Based on the information in the article:

  1. Who are the principals and the agents in this story? What are the loans being used for and what is the role of cars in the relationship between the principals and the agents?
  2. Using the model of intertemporal choice, explain why a borrower would take a loan like those described.
  3. Discuss the issues with payday lenders such as TitleMax, referring to the article and the quotes above.

Exercise 9.11 Microfinance and lending to poor people

Read the paper ‘The Microfinance Promise’.6

The Grameen Bank in Bangladesh makes loans available to groups of individuals who together apply for individual loans, under the condition that the loans to the group members will be renewed in the future if (but only if) each member has repaid the loan on schedule.

  1. Explain how you think such an arrangement would affect the borrower’s decision about what to spend the money on, and how hard they will work to make sure that repayment is possible.
  2. Use the concepts in this section to explain how the Grameen Bank’s lending method could affect credit rationing and credit exclusion.
  3. Find evidence about whether or not microfinance has been effective in increasing investment by groups who would normally be excluded from the credit market.

Exercise 9.12 Limits on lending

Many countries have policies that limit how much interest a moneylender can charge on a loan.

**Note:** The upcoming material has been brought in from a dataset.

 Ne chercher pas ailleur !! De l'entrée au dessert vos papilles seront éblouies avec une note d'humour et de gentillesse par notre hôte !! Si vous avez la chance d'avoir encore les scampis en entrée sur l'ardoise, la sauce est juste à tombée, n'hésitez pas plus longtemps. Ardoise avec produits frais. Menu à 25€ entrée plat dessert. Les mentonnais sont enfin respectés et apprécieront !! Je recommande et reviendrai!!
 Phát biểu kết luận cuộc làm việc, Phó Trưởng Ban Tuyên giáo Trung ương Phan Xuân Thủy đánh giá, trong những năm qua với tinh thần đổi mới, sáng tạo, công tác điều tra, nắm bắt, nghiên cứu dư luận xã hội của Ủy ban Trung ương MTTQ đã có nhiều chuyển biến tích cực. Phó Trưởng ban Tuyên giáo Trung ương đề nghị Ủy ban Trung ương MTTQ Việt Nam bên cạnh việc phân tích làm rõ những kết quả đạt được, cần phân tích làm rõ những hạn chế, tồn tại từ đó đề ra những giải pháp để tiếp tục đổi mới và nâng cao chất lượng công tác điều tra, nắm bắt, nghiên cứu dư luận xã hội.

  1. Explain whether or not you think these limits are a good idea.
  2. Who benefits from the laws and who loses?
  3. Discuss the likely long-term effects of such laws.
  4. Contrast this approach to helping poor people gain access to loans with the Grameen Bank in Exercise 9.11.

Exercise 9.13 Pawnshops as a source of credit

Pawnbroking is one of the oldest sources of credit in the world. A pawnshop offers loans in exchange for items such as jewellery, which are held by the shop until the loan is repaid. Such shops are mainly used by people on low incomes. In Texas, the maximum interest rate that can be charged is 20% per month. According to a study of pawnshops in Texas, default rates are lower when items of sentimental value, such as rings, rather than items of equivalent resale value, such as TV sets, are held by the shop.

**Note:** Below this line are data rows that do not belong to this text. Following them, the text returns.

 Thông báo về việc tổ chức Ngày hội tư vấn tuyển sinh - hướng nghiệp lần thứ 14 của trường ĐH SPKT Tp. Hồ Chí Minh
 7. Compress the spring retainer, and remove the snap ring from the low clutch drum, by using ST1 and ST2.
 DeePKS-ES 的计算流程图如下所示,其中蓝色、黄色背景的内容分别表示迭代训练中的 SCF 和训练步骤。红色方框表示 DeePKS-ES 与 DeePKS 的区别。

(If you want to find out more about pawnbroking, this quote is taken from Susan Payne Carter and Paige Marta Skiba. 2012. ‘Pawnshops, Behavioral Economics, and Self-Regulation’. Review of Banking and Financial Law 32 (1): pp. 193–220.)

  1. Draw a diagram with ‘Consumption now’ on the horizontal axis and ‘Consumption later’ on the vertical axis. Draw a feasible set, endowment, and indifference curves on this diagram, and use the diagram to explain why someone might choose to use a pawnshop.
  2. Define the term that is used for the items held by the pawnshop (such as jewellery), and explain its role in the pawnbroking business.
  3. Suggest an explanation for the differential default rates on the type of item held by the pawnshops when making a loan.
  1. David McKenzie. 2017. ‘Identifying and spurring high-growth entrepreneurship: Experimental evidence from a business plan competition’. American Economic Review 107 (8): pp. 2278–2307. 

  2. Suresh de Mel, David McKenzie, and Christopher Woodruff, 2008. Returns to capital in microenterprises: evidence from a field experiment. The Quarterly Journal of Economics, 123(4), pp. 1329–1372. 

  3. David G. Blanchflower and Andrew J. Oswald. 1998. ‘What Makes an Entrepreneur?’. Journal of Labor Economics 16 (1): pp. 26–60. 

  4. Douglas Holtz-Eakin, David Joulfaian, and Harvey S. Rosen, 1994. ‘Sticking it out: Entrepreneurial survival and liquidity constraints’. Journal of Political Economy, 102(1), pp. 53–75. 

  5. David B. Gross, and Nicholas S. Souleles, 2002. Do liquidity constraints and interest rates matter for consumer behavior? Evidence from credit card data. The Quarterly Journal of Economics, 117(1), pp. 149–185. 

  6. Jonathan Morduch. 1999. ‘The Microfinance Promise’Journal of Economic Literature 37 (4) (December): pp. 1569–1614.